Ela se acomoda no assento, eu penso que até aí foi minha mão, mas ela mesma a ajusta e a coloca de volta no lugar, mas a mão dela vai para a minha coxa, subindo devagar... Eu fico mais nervoso ainda, minha ereção está crescendo junto com a trama do filme. Não soube o que fazer numa situação dessas. 
 
 Em um momento, ela chega onde está minha ereção, nota, apalpa, e me diz:
Kari: Relaxa, Dani. Me abraça como até agora.
Ficamos assim, pelo resto da sessão. Às vezes ela me acariciava, outras vezes, apertava. Pra ela era uma brincadeira, pra mim, um prazer.
Saímos da sessão por volta das 22h, a ideia era ir direto pra casa, mas ela me diz: "vamos dar uma volta". Aceitei, dirigi por um bom tempo, fomos pra um parque conhecido aqui por ser pra casais. Sentamos num banco, conversamos sobre o filme, compramos uns churros, ríamos, até que chega uma mensagem da minha mãe perguntando pela gente. Digo que estávamos dando voltas, mas que já íamos pra casa.
Eram 10:40 naquele momento, chegamos em casa às 11:00, enquanto eu estacionava o carro na garagem, antes de descer, ela me diz:
Kari: Valeu pelo encontro, você é um doce.

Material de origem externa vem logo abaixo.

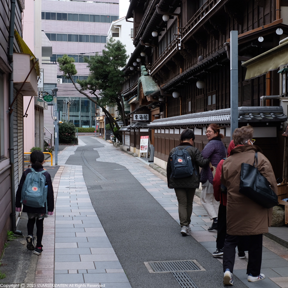 ニュース その他 東海館@伊東 DATE 2025.04.07 ハトヤを後にした一行は、市街地にある東海館へ。かつて旅館だった場所を資料館として公開しています。1928年から70年ほど旅館として運営していたあと、伊東市に寄贈され、現在は文化施設として活用されています。 木造の建物の良さはその柔らかさ。しなりのある空間というか建築というか、廊下を歩いても、部屋に座っても、どこかしらふわりとしたところがあります。これが鉄骨造やRCの建物ではそうはなりません。歴史を重ねた木造建築は復元不可能。出来れば大切に残したいものです。 伊東市出身である木下杢太郎の詩碑の写真がありました。この碑の設計者は谷口吉郎です。谷口さんの図面には石材表の記載があり、この記念碑の細かな石種指示が記されています。ちなみに屏風はイナダ石、議院石(広島の石)など、使い分けています。笠木は議院石磨き、花立の台は浮金石(福島の石)、敷石は大谷石、縁石は伊豆石 六ヶ村 小叩き仕上げと記載されています。仕上げ方法も全て異なり、設計者として圧倒的な石の知識を持っていました。手掛けた記念碑の数々は建築より長く残ると思います。だからここまで執念深く設計されたのだと思うのです。次回は現物調査を兼ねてハトヤへ宿泊。秋に実行したいと思います。 CAT:ニュース | その他 TAG:和泉石材店 | 石材 一言石句 TOP prevnext

Ela se aproxima, me dá um beijo nos lábios, eu continuo beijando ela, pelo calor do momento, ela monta em cima de mim, pra continuar nos beijando, começa a devorar minha boca, eu seguro ela pela cintura, ela começa a se esfregar na minha ereção, a gente segue se beijando, por uns instantes ela só fala Dani, Dani, e eu não solto nada além de gemidos, ela se move que nem uma amazona, ficamos uns dois minutos, até que os dois gozamos juntos. Foi algo incrível, indescritível, ela desce de cima de mim, arruma o cabelo, se levanta. Me olha com muita vergonha, e me diz:
Kari: Ai, a gente não devia ter feito isso. Foi um erro. Boa noite.
Eu fico no carro, todo zumbi, olho minha calça, com mancha de gozada. Não consigo acreditar que quase transei com minha tia.
Saio do veículo, ajusto minha roupa pra não aparecer a mancha. Chego no meu quarto. Tiro tudo, troco de roupa pra dormir.
Nesse momento meu telefone toca, uma mensagem.
“Dorme bem, menino safado” seguida de uma foto dela de pijama.